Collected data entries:
[Start of Attachment]

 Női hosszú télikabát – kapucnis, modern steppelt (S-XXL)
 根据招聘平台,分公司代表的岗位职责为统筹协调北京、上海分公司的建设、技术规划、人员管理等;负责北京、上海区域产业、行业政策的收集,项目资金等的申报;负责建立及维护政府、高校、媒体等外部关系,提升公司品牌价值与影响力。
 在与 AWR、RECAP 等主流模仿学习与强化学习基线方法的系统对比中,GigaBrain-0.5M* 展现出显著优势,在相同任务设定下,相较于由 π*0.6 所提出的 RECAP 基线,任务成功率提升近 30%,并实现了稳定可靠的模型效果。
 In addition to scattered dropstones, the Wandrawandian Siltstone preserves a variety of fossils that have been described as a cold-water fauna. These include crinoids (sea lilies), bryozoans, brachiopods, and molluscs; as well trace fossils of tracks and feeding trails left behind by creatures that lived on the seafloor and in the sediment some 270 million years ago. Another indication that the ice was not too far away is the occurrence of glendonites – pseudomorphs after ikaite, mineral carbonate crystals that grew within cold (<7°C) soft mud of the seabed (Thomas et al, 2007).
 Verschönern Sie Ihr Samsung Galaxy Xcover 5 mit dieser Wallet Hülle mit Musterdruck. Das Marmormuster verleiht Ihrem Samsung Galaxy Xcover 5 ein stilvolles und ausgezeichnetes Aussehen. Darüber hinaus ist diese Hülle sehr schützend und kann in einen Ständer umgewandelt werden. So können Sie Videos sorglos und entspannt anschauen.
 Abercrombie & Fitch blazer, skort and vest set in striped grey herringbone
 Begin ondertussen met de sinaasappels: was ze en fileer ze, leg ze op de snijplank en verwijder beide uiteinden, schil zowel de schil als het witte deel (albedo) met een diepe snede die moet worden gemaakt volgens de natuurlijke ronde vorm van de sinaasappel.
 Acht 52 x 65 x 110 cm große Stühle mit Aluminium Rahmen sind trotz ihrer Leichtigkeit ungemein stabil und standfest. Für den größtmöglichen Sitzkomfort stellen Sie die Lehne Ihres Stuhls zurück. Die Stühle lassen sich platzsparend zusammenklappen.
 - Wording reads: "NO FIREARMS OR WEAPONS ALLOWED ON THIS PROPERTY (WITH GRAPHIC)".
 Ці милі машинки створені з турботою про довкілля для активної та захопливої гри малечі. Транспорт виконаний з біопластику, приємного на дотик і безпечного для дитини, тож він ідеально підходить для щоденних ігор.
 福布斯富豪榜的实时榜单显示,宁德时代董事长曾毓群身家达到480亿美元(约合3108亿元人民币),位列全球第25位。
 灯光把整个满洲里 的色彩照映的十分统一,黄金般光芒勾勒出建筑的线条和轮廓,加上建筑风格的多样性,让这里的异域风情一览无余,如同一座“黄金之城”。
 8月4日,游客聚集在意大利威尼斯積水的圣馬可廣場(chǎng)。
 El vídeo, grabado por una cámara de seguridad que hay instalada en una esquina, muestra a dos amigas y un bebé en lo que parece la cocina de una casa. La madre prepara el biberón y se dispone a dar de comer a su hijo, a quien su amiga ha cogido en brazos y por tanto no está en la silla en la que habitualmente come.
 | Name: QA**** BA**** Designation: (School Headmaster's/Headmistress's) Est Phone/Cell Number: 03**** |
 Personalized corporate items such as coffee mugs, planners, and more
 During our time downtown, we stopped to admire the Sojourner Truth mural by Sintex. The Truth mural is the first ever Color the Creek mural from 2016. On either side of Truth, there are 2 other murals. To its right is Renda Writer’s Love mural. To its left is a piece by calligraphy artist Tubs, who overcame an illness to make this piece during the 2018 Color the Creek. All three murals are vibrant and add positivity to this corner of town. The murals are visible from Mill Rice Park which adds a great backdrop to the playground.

[End of Attachment]

*Work required*. Exactly as they stand, set down the lines from the top of the data through the line with "在与 AWR、RECAP 等主流模仿学习与强化学习基线方法的系统对比中,GigaBrain-0.5M*".

*Answer section*.
 Női hosszú télikabát – kapucnis, modern steppelt (S-XXL)
 根据招聘平台,分公司代表的岗位职责为统筹协调北京、上海分公司的建设、技术规划、人员管理等;负责北京、上海区域产业、行业政策的收集,项目资金等的申报;负责建立及维护政府、高校、媒体等外部关系,提升公司品牌价值与影响力。
 在与 AWR、RECAP 等主流模仿学习与强化学习基线方法的系统对比中,GigaBrain-0.5M* 展现出显著优势,在相同任务设定下,相较于由 π*0.6 所提出的 RECAP 基线,任务成功率提升近 30%,并实现了稳定可靠的模型效果。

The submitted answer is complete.